NEW YORK — In the latest test of California’s controversial “parent trigger” law, South Los Angeles parents have voted to transform their struggling neighborhood school into a charter school hybrid beginning this fall, organizers announced Wednesday.
The unique partnership will team the Los Angeles Unified School District with local charter school operator Crown Preparatory Academy to reform 24th Street Elementary, which ranks in the bottom 2 percent of 563 elementary schools district-wide. The move also forces all 24th Street Elementary school district employees to reapply for their jobs, and gives parents a role on a new hiring committee.

“The joint proposal is an opportunity for two organizations that traditionally don’t work together to actually come together and do what’s right for kids,” said Laura McGowan-Robinson, founder and executive director of Crown Prep.
On Tuesday, 190 parents from 24th Street Elementary showed up at a public park to choose from one of four operators to take over their children’s school. They were part of a parent union driving a petition process to force reforms by invoking the state’s Parent Empowerment Act of 2010, known as the parent trigger.
Under the law, a majority of parents at an underperforming school can submit a petition seeking one of four reform models, ranging from replacing the principal and half the staff to shutting the school down altogether. California’s version of the parent trigger was the first, but versions of the legislation have been considered in more than 20 state legislatures throughout the U.S., including bills now under consideration in Florida, Georgia and Oklahoma.
Parents representing about 69 percent of students at 24th Street Elementary, which has about 685 students in kindergarten through fifth grade, signed a petition seeking the law’s “restart model,” which lets parents bring in a new charter operator or pair a charter operator with the district to turn around a failing school. The school district board quickly approved the petition in early February. The parents then received eight letters of interest for reform plans, including one from the district.

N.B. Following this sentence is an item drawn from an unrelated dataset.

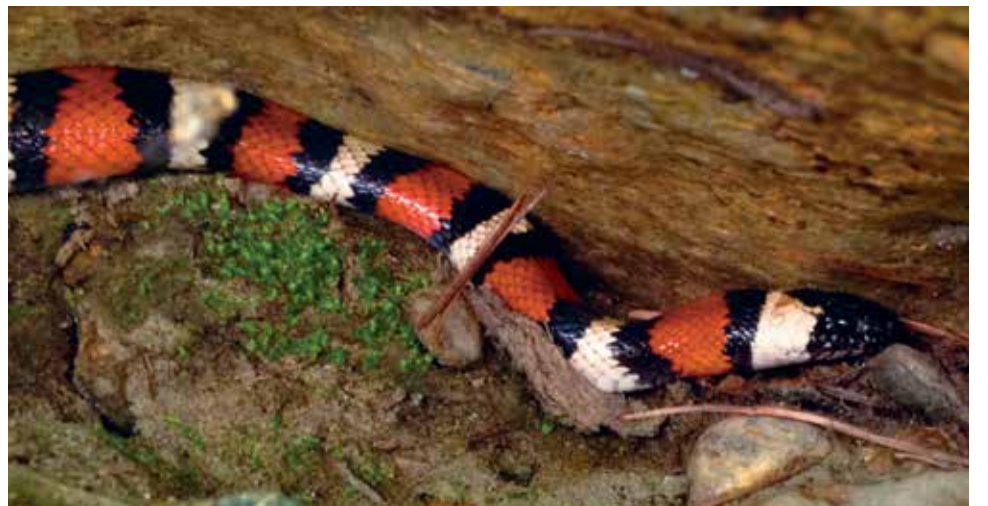
A California mountain kingsnake.

“The district came back and said, ‘We would like a second chance to turn this school around,’” said David Phelps, spokesman for Parent Revolution, the nonprofit advocacy group that bankrolled the 24th Street push and lobbies for parent trigger legislation nationwide.
“The parents have fundamentally said, ‘OK, you’ve got your second chance. We like your proposal. We like the proposal from Crown Prep. We want you to work together.”
Only the 395 parents who signed the petition were eligible to vote on one of four school operator proposals at Tuesday’s vote, per state regulations, Phelps said.
Of those who voted, 80 percent favored the joint operator proposal endorsed by the school’s parent union leadership, according to results released by Parent Revolution. The three other options included solo proposals from the district and Crown Prep and one from Academia Moderna, a nonprofit charter led by a local teacher.
The winning plan puts the school district in charge of reintroducing a preschool program and running grades K-4, while Crown Prep will run grades 5-8. The proposal described the partnership as the “first of its kind” for Los Angeles Unified.
“By restarting the school, LAUSD will redefine the way in which stakeholders have a voice in the school and make decisions,” the joint proposal stated.
About one-third of Crown Prep’s current students originally attended 24th Street Elementary. The Crown Prep program has a strong emphasis on remediation, college preparation and character values, McGowan-Robinson said. She plans to get fourth and fifth grade teachers communicating to ensure smoother transitions for matriculating students. Crown Prep boasted an 801 score on the 1,000-point state Academic Performance Index in 2011-12, compared to 24th Street Elementary’s score of a 666.
The 24th Street parents are the second group in the nation to succeed with a parent trigger petition, and the only one to do so without a court fight.
In the first 2011 effort in the Compton Unified School District, a judge ruled against the petition over a technicality. In the Adelanto School District, a judge ordered the district to comply with the petition and let a new charter operator take over the school in fall 2013.